One of these days I need to link a big number library into Fexl, but it hasn't been a priority for me. (Actually I need to think seriously about dynamically linked libraries, with linkage control done in Fexl itself. This can be sandboxed for secure applications, of course.)
Oh and here's my old division function, which again I haven't tested in a while, so no warranties expressed or implied:
#---------------------------------------------------------------------------
# (nat:div x y) divides x by y. It yields a pair <q,r>, where q is the
# quotient and r is the remainder.
#
# The result satisfies the equation x = q*y + r, 0 <= r < y.
#
# NOTE: If you divide by zero, the function yields the pair <0,0>.

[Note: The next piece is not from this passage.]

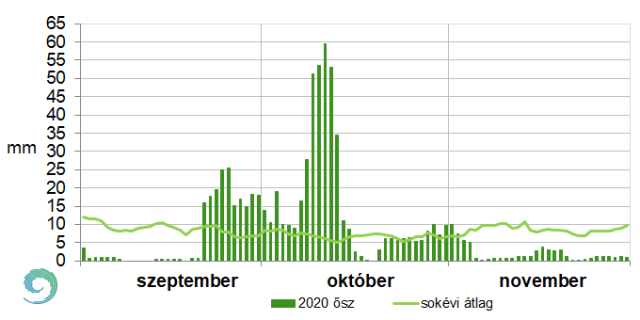 Országos átlagban 2020 őszén 149,9 mm csapadék hullott, ami az 1981–2010-es átlag 102%-a, tehát összességében egy átlagosan csapadékos évszak múlt el, az évszakon belüli eloszlás azonban különösen egyenetlen volt. Szeptemberben a szokásosnál 35%-kal, novemberben 68%-kal kevesebb csapadékot összegeztünk. A november különösen száraz volt, a sokévi érték alig harmada hullott le. Az október viszont nagyon csapadékosnak adódott, mivel az átlag több mint kétszerese, annak 232%-a volt országosan (8. ábra). Az őszi csapadék közel 80%-a szeptember 25. és október 15. közötti, alig három hét alatt hullott le főként az északkeleti országrészben.

#---------------------------------------------------------------------------
\nat:div==(\x\y\:
x (: null null) \bx\nx
y (: null null) \by\ny
by
(
# divide by odd - recur on x only
nat:div nx y \q\r
\r=(bx nat:2x1 nat:2x r)
\d=(nat:sub r y)
int:ge0 d
(: (nat:2x1 q) (int:abs d))
(: (nat:2x q) r)
)
(
# divide by even - recur on x and y
nat:div nx ny \q\r
: q (bx nat:2x1 nat:2x r)
)
)
Lisp is already made of trees. A Lisp program is a pre-order traversal of the abstract syntax tree of a yacc'ed program in another programming language. This fact is WHY Lisp is powerful. By eliminating yaccing you can create new syntax on the fly without having to recompile your compiler.
By "replacing" lists with trees, am I supposed to understand that working with trees will be natural and easy, and lists will feel like second-class citizens? I thought we were beyond thinking like that. Building languages around a favorite data structure was never the right thing to do; it was always tunnel vision and bad design. Different data structures have different features and different performance characteristics. There's no reason for a language designer to pick a favorite data structure and force anyone who has to use a different one to deal with warts and second-class library and language support.
I wouldn't say lists should be replaced with trees, but adding a rich set of tree-based data structures to Lisp improves it substantially, in my view. To see what I mean, have a look at my FSet functional collections package, which does exactly that:
http://common-lisp.net/project/fset/
Unlike what the OP is suggesting, FSet doesn't expose the internal structure of its trees. Instead it wraps them in a rich set-theoretic interface.
Cons cells give you binary trees. It is possible to encode any arbitrary tree as a binary tree. However, this does not mean that the expression of algorithms over such left child right sibling encoded trees is identical to one over trees with some higher branching factor. So the cons/binary situation will at the least require some additional layers of abstraction to simulate various traversal patterns of the n way tree on the encoding binary tree.
There also physical/efficiency concerns. There's a reason databases use highly branching trees.
And you can create the abstractions necessary to work with such a data structure and add them straight to the regular grammar of the language.
Lisp also has all of the other low-level primitives we're used to when working closer to the machine. Structs, indexed arrays, hashes, etc. If efficiency is a concern, just pick an implementation that compiles to machine code. SBCL is pretty good for this depending on your target platform.
A few people have asked, what is the point? since trees and associative access can just be implemented with lists.
It is the same basic point as having 'let' or 'case' etc. (which can all just be implemented with 'lambda' and 'if' etc.) -- it is just a bit higher-level to program with.
With something that makes programming a little easier (maybe), probably the question ought really be, why shouldn't we have it?
In my way of thinking, the distinction between "library" and "built-in" is very fluid. That is, if you run an executable which automatically loads a library for you, then voila it is now built-in. If nothing else, you can set up your own local environment that you favor. I realize this has portability implications, but keep in mind that not everyone will want "bignums" or "socket operations" or "openssl" available all the time in every program.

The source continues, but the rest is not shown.